Usage steps for Ubuntu 16.04:
Downloads
- Download/clone this repository
- Download the file "model_checkpint.pth.tar" from https://drive.google.com/file/d/1OMnMuMuxEtKVmws2zNAlB3nhCVnwUTS4/view?usp=sharing
- Place the file "model_checkpint.pth.tar" in the repo directory
- model checkpoint source: https://github.com/sgrvinod/a-PyTorch-Tutorial-to-Image-Captioning
Ubuntu python setup
- sudo apt-get update
- sudo apt-get install -y build-essential tk-dev libncurses5-dev libncursesw5-dev libreadline6-dev libdb5.3-dev libgdbm-dev libsqlite3-dev libssl-dev libbz2-dev libexpat1-dev liblzma-dev zlib1g-dev libffi-dev tar wget vim
- cd /opt
- sudo wget https://www.python.org/ftp/python/3.8.5/Python-3.8.5.tgz
- sudo tar xzf Python-3.8.5.tgz
- cd Python-3.8.5
- sudo ./configure --enable-optimizations
- sudo make -j 4
- sudo make altinstall
- cd /opt
- sudo rm -f Python-3.8.5.tgz
Ubuntu setup
- Change Directory to vidcaption_aavan
- python3.8 -m pip install virtualenv
- virtualenv -p python3.8 venv-vidcap
- source venv-vidcap/bin/activate
Installing requirements
- pip install -r requirements.txt
OR
- pip install pandas
- pip install torch
- pip install opencv-python
- pip install click
- pip install torchvision
- pip install matplotlib
- pip install scikit-image
- pip install PyTube (for video downlaod)
- pip install Flask (for API)
- pip install pycocotools (for evaluation)
- pip install pycocoevalcap (for evaluation)
Videos can be downloaded using the PyTube based video downloading script. Videos downloaded using this method are automatically saved as mp4 to the "video_uploads" folder.
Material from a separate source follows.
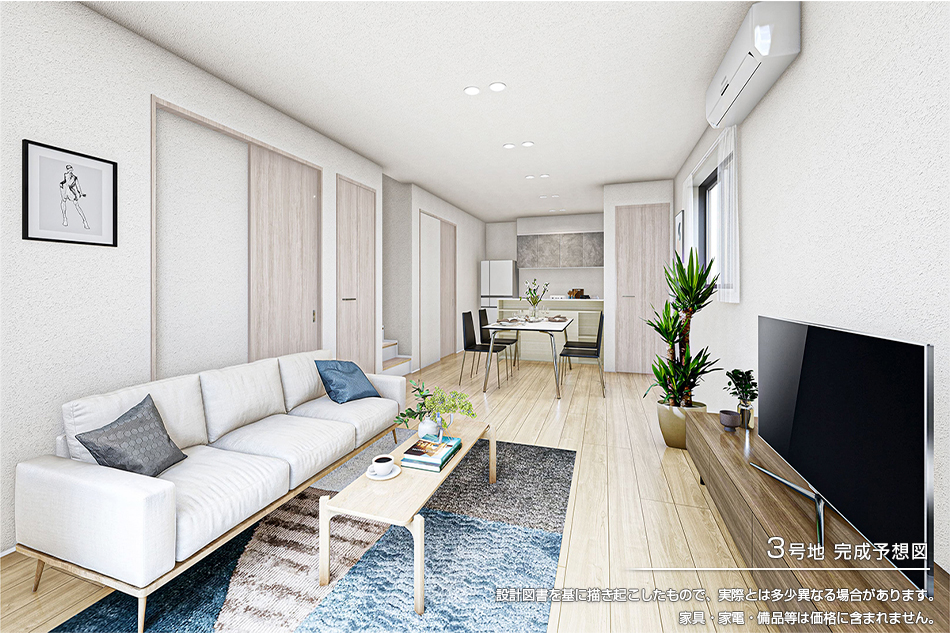- ※完成予想図やCG合成画像は、門塀・植栽・庭・外観等、実際とは多少異なる場合があります。
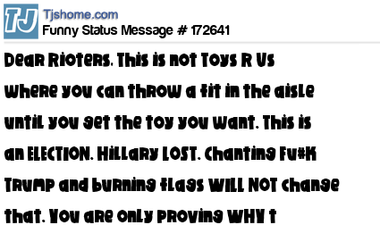 X Dear Rioters, This is not Toys R Us where you can throw a fit in the aisle until you get the toy you want. This is an ELECTION. Hillary LOST. Chanting Fu#k Trump and burning flags WILL NOT change that. You are only proving WHY t

- Run from terminal using $ python download_video.py <youtube_URL> <name_to_save_as_without_extension>
- Example: python download_video.py https://www.youtube.com/watch?v=DocxmW2bOdc&t=80s singapore_dorm_cases
Video keyframe extraction supports most video formats including: mp4, ts, MOV, avi, y4m, mkv, flv, wmv.
Running without API:
- Activate venv: $ source venv-vidcap/bin/activate
- Put videos to caption in "video_uploads" folder
- Run from terminal using $ python caption_video.py <videofile_name>
- Example: python caption_video.py elsa.mp4
- To keep the video frames, run from terminal using $ python caption_video.py <videofile_name> keepframes
- Example: python caption_video.py elsa.mp4 keepframes
Running with API:
- Activate venv: $ source venv-vidcap/bin/activate
- Run from terminal using $ python api_start.py
- Go to http://127.0.0.1:5001/captionvideo on browser
- Browse disk for video file
- Click upload
- Uploaded videos will be saved to video_uploads directory
If not evaluating, eval directory can be removed.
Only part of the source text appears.